Tom sighed. "Are you two sure you're not Gryffindors?"
Briar and Bramble laughed.
"We do our research before we head out, so it's not actually dangerous," explained Briar.
"And we had to contact the new victims of Woolsey's pack," said Bramble. "Just as you predicted, after their first full moon without Wolfsbane, they understood the need for it."
"Oh all right," conceded Tom. "Thank you, Briar and Bramble."
They told Pennyroyal how many new customers they'd found. She took note.
"We have competition, though," added Briar.
"Is someone violating Hermione's Wolfsbane patent?" asked Tom, newly outraged. "I have exclusive manufacturing rights!"
"No," said Bramble. "We mean Woolsey's recruiting as well."
"Just strolling through Hogsmeade, we get accosted by Woolsey's agents, promising us a place to stay where we'll be accepted for what we are," said Briar.
"We tell them no thank you and get away, as we don't feel like starting a duel in public, but when we return wearing different faces, they try the same sales patter again," said Bramble.
"Humans don't want you," quoted Briar.
"They'll kill you when they find out what you are," added Bramble.
"We're the only ones you can trust."
"Join us,"
"And feel the glory of running free in the moonlight…" Briar shuddered. "As if anyone would join the pack that just ruined their lives."
"It depends on their alternatives," said Pennyroyal. "Have all the newly-turned werewolves you've found bought Wolfsbane?"
Briar and Bramble looked at each other. "Well, some denied being werewolves when we first sensed them," said Briar.
"And some, we've been unable to find again," added Bramble.
"So…" Briar shrugged. "Wolfsbane makes it much easier to live with humans, but that's a harder sell if the human community doesn't want us."

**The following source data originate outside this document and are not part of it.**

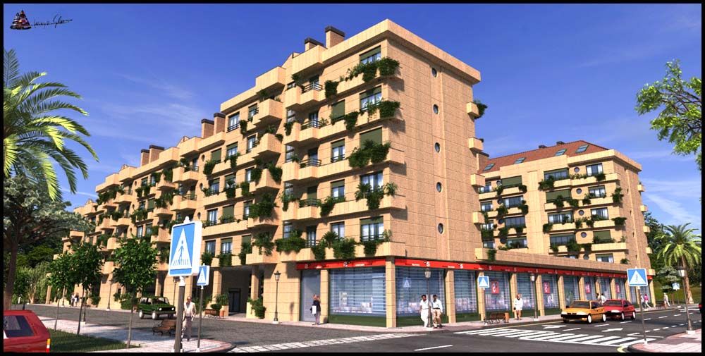 Tomo nota de lo que comentáis sobre la iluminación. La verdad es que, si tiene GI, pero el cliente quiere que tenga un pinta muy soleada, o sea con mucho contraste, lo que hace que apenas se note el efecto. De todas formas, las imágenes finales que están ahora renderizando, están más equilibradas. Otras cosa que le quita realismo es el material de la fachada, originalmente no era así y quedaba más bonito, pero se metieron el arquitecto y el promotor en mí oficina y el resultado fue este.
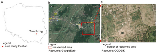 Research area location on map of Poland (a) and reclaimed and reforested area border (b,c).
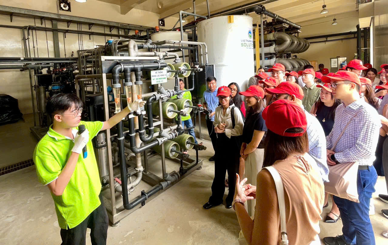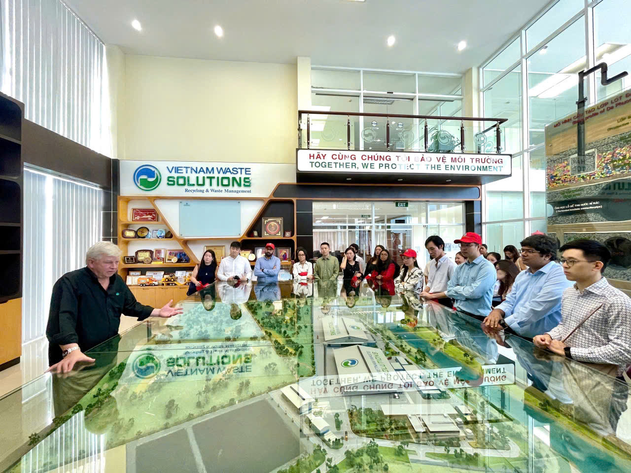 Sau đó, đoàn sinh viên đi tham quan, tìm hiểu thực tế về các quy trình xử lý chất thải, nước rỉ rác, công nghệ biến rác thành điện tại Công ty VWS.
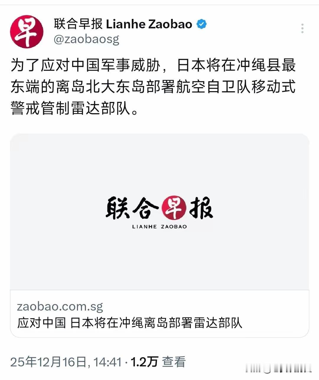 新加坡联合早报今天(12月16日)报道:“为了应对中国军事威胁,日本将在冲绳县最东端的离岛北大东岛部署航空自卫队移动式警戒管制雷达部队。” 看吧,日本自卫队的雷达车,又要开上新的小岛了。 这次选中的是冲绳最东边的北大东岛,一个只有几十平方公里、数百名居民的小地方。岛上马上就要进驻大约30名自卫队员,东北和南部约11公顷的土地已经被租下,新年一过就动工建营地、装雷达。 日本人说,这是为了填补太平洋岛屿的“警戒监视空白”。他们盯着的,正是那片中国海军舰机进出太平洋的蔚蓝海域。 可这仅仅是一部雷达的事吗? 远远不是。如果你摊开一张西南诸岛的地图,一股寒意会顺着脊背爬上来。过去的十年里,从最西边紧挨着台湾的与那国岛,到宫古岛、石垣岛、奄美大岛,自卫队的基地、导弹和雷达如同雨后毒菇般冒了出来。 与那国岛距离台湾仅110公里,那里已经部署了中程防空导弹。石垣岛上,反舰导弹和防空导弹赫然在列。现在,雷达的触角又伸到了最东端的北大东岛。 一个以冲绳本岛为中心,南北呼应、攻防兼备的“岛屿军事堡垒链”,已经悄然成型。 军事专家看得透彻:部署这些雷达,根本不是为了“看家护院”那么简单。那双“眼睛”背后,连着锋利的“牙齿”。对空雷达能引导F-35隐身战机发起攻击,对海雷达则为射程更远的改进型导弹提供目标指引。 这已经完全脱离了“专守防卫”的包装,是在明目张胆地构建进攻性的远程火力打击体系。 更危险的信号,藏在日本政客的话语里。 就在不久前,日本防卫大臣跑到与那国岛,言之凿凿地推进导弹部署。而当被问及这是否为“台湾有事”做准备时,他却玩起了外交辞令,拒绝回答。 这种沉默,比叫嚣更令人警惕。它默认了那个危险的假设,并正为此加紧实战准备。 对于这一点,中方的警告一次比一次严厉。 中国外交部发言人早已点破:日本在中国台湾邻近的西南诸岛部署进攻性武器,是在刻意制造地区紧张,挑动军事对立。联系到日本高层频频发表的涉台错误言论,这种动向“极其危险”。 历史的教训并不遥远。日本大幅增加防卫预算、放宽武器出口、甚至有人鼓噪修改“无核三原则”,这些强军扩武的危险态势,正在将和平宪法架空。 冲绳当地民众的恐惧,却被东京的决策者们轻易忽略了。 在部署说明会上,北大东村的居民们忧心忡忡地问:今天来的是雷达,明天来的会不会是导弹?我们会不会变成下一个与那国岛? 防卫省官员的保证苍白无力。在既定的战略野心面前,这样的承诺不堪一击。冲绳,这片饱受战争创伤和美军基地困扰的土地,正被迫绑上新的战车。 从地图上的一个点,到连成的一条线,再到试图掌控的一个面。日本在西南诸岛的每一步落子,都在加剧这片海域的惊涛骇浪。 这不再是单纯的军事部署,而是一场危险的战略赌博。它赌上了地区的和平稳定,也将自己再次推向了历史路口的悬崖边缘。 各位读者你们怎么看?欢迎在评论区讨论。 冲绳现状 冲绳局势 冲绳安全危机 东京冲绳 冲绳诸岛
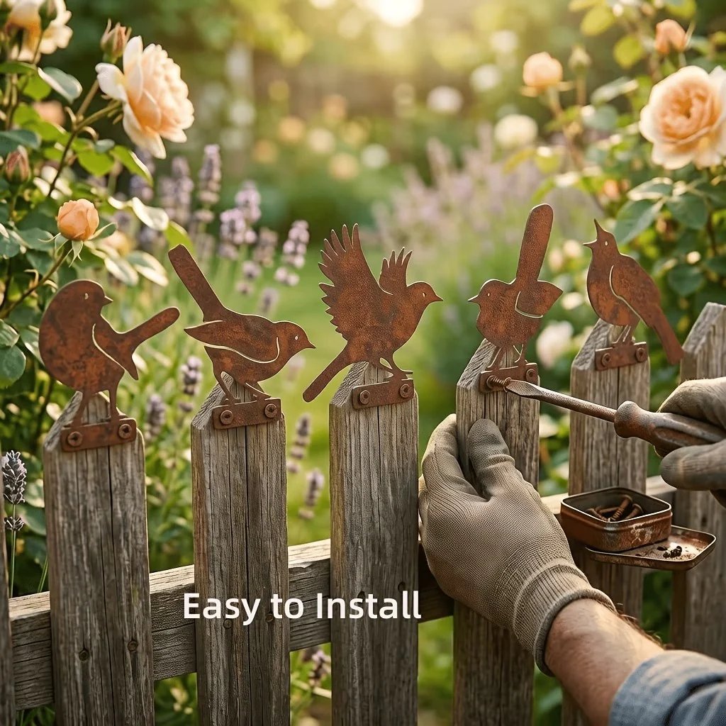 🐦 Breathe life and whimsical charm into your outdoor spaces with our 5-Piece Lifelike Rusty Metal Bird Silhouettes.
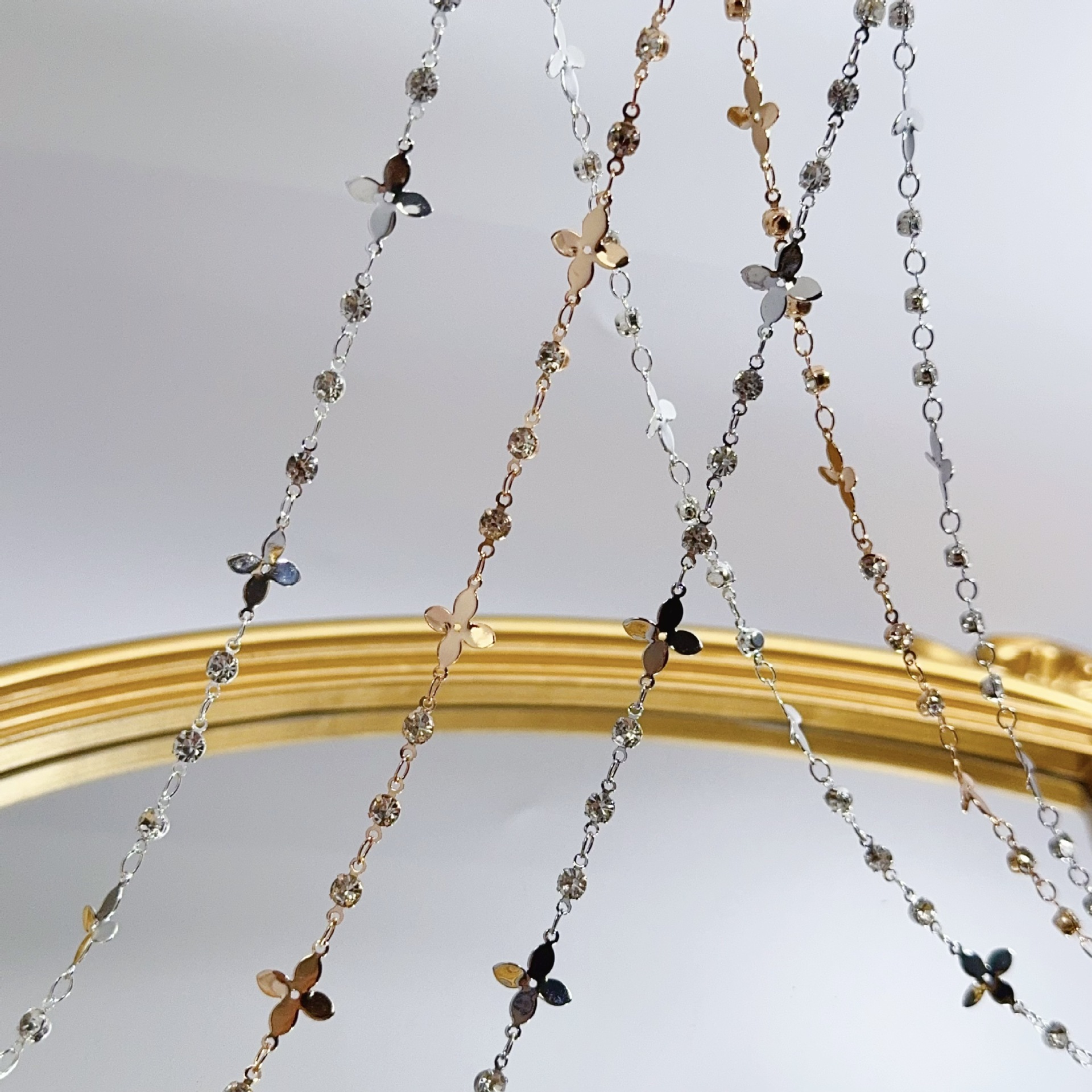 DIY Chain Twisted Clover with Diamond Tassel Chain Color-Preserving Handmade Copper Chain Ancient Style Jewelry Headscarf Clothing Accessories
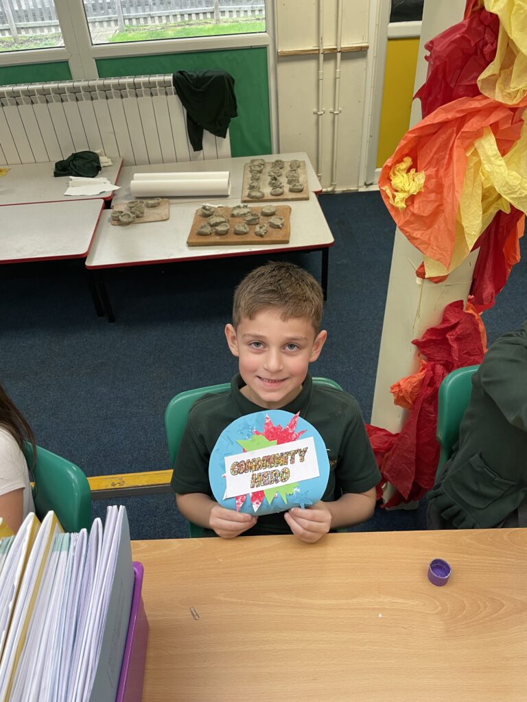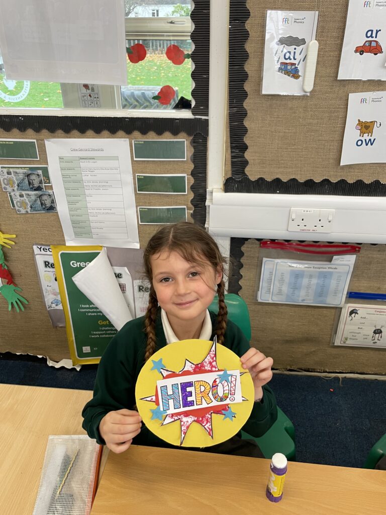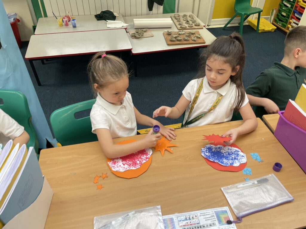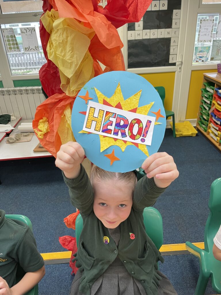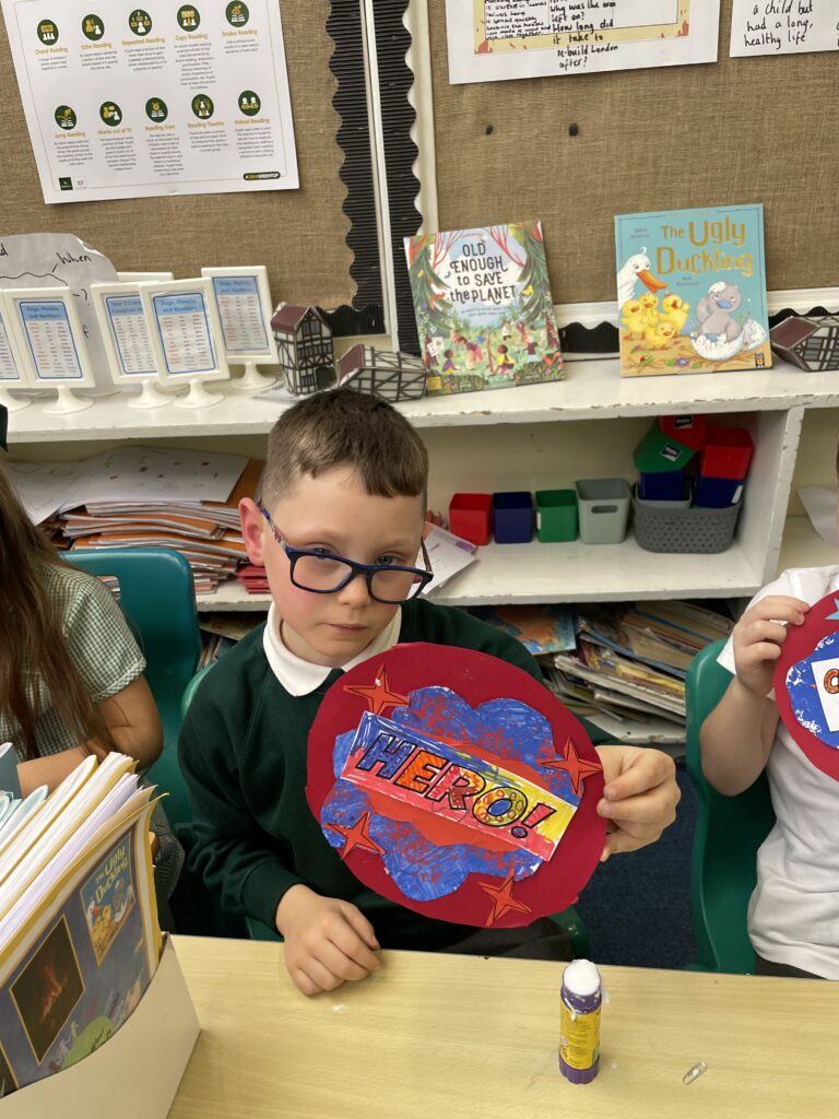 Class 7 began their pop art work! They worked hard and concentrated well on being able to cut out shapes accurately, print their dots and created beautiful pop art style patterns in their writing.

"Are the other packs recruiting?" Tom asked. "The ones who confine themselves to areas of wilderness on full moon nights?"
"No," said Harrier. "They stay away from human areas. They're still glad to get my Wolfsbane deliveries, but they don't want anything to do with society other than that."
"But they're starting to wonder when their free trial period ends," said Brownwing. "You said you'd start charging the ferals for Wolfsbane once they could get jobs that would earn them money, so what's your plan for that?"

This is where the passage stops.